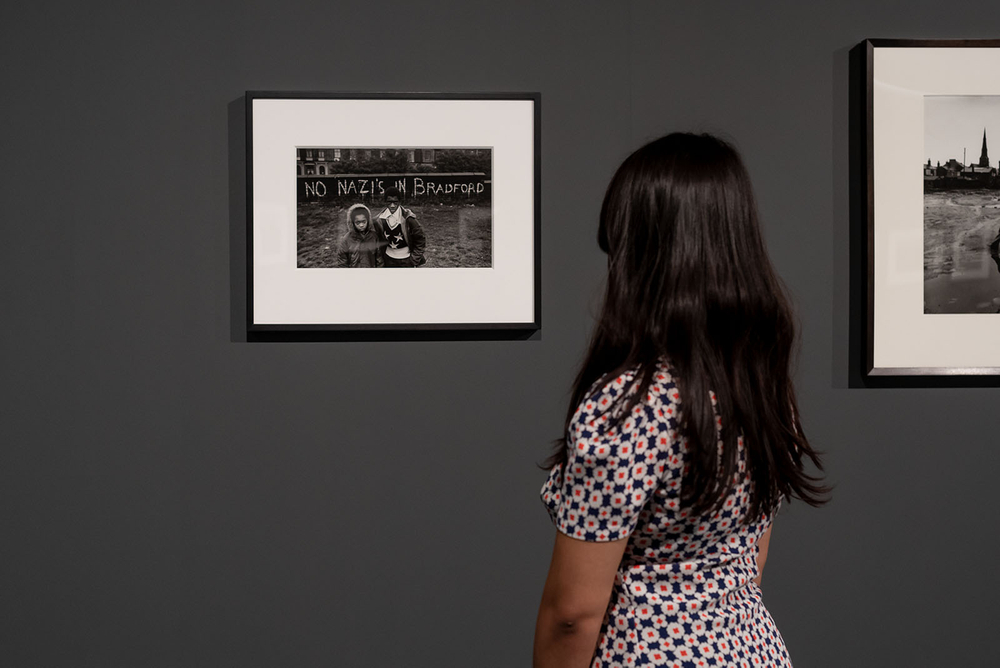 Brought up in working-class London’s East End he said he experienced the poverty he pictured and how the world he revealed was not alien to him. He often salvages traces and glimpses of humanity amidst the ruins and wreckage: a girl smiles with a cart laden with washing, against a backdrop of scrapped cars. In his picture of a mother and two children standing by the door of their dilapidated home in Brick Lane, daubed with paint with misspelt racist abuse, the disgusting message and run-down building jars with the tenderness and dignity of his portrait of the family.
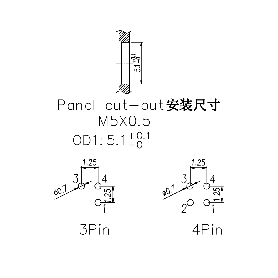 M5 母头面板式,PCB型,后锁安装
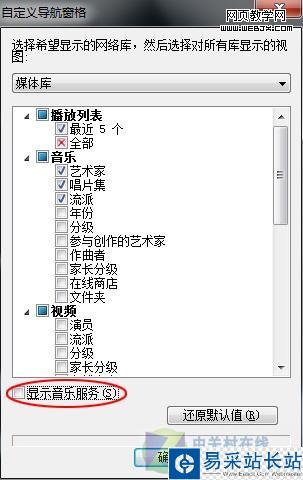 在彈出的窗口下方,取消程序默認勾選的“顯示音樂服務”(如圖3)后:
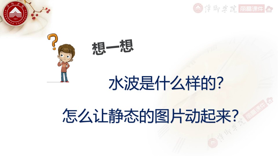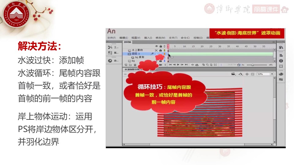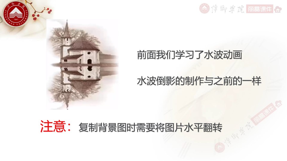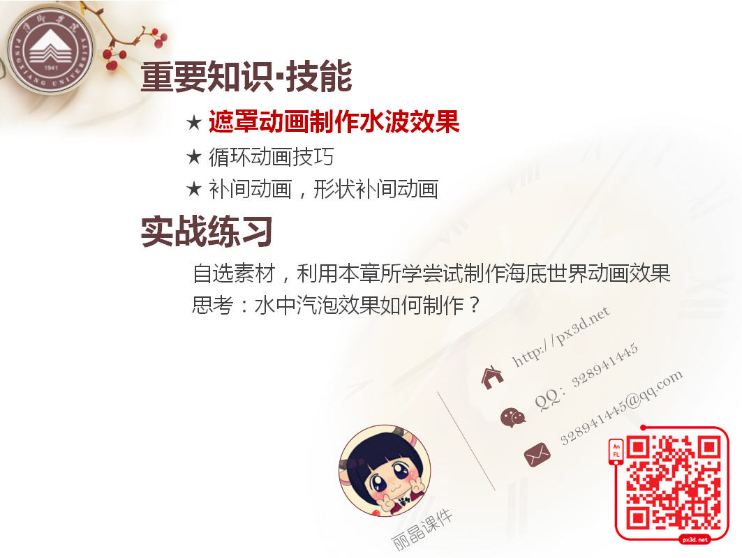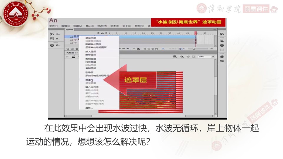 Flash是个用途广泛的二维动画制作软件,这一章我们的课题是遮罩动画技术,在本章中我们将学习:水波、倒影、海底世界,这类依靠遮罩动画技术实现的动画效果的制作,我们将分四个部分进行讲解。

+ + + + + + +

## Your instructions
Write out the material above once more, exactly as it reads, with no pictures.

## Answer to this problem
 Brought up in working-class London’s East End he said he experienced the poverty he pictured and how the world he revealed was not alien to him. He often salvages traces and glimpses of humanity amidst the ruins and wreckage: a girl smiles with a cart laden with washing, against a backdrop of scrapped cars. In his picture of a mother and two children standing by the door of their dilapidated home in Brick Lane, daubed with paint with misspelt racist abuse, the disgusting message and run-down building jars with the tenderness and dignity of his portrait of the family.
 M5 母头面板式,PCB型,后锁安装
 在彈出的窗口下方,取消程序默認勾選的“顯示音樂服務”(如圖3)后:
 Flash是个用途广泛的二维动画制作软件,这一章我们的课题是遮罩动画技术,在本章中我们将学习:水波、倒影、海底世界,这类依靠遮罩动画技术实现的动画效果的制作,我们将分四个部分进行讲解。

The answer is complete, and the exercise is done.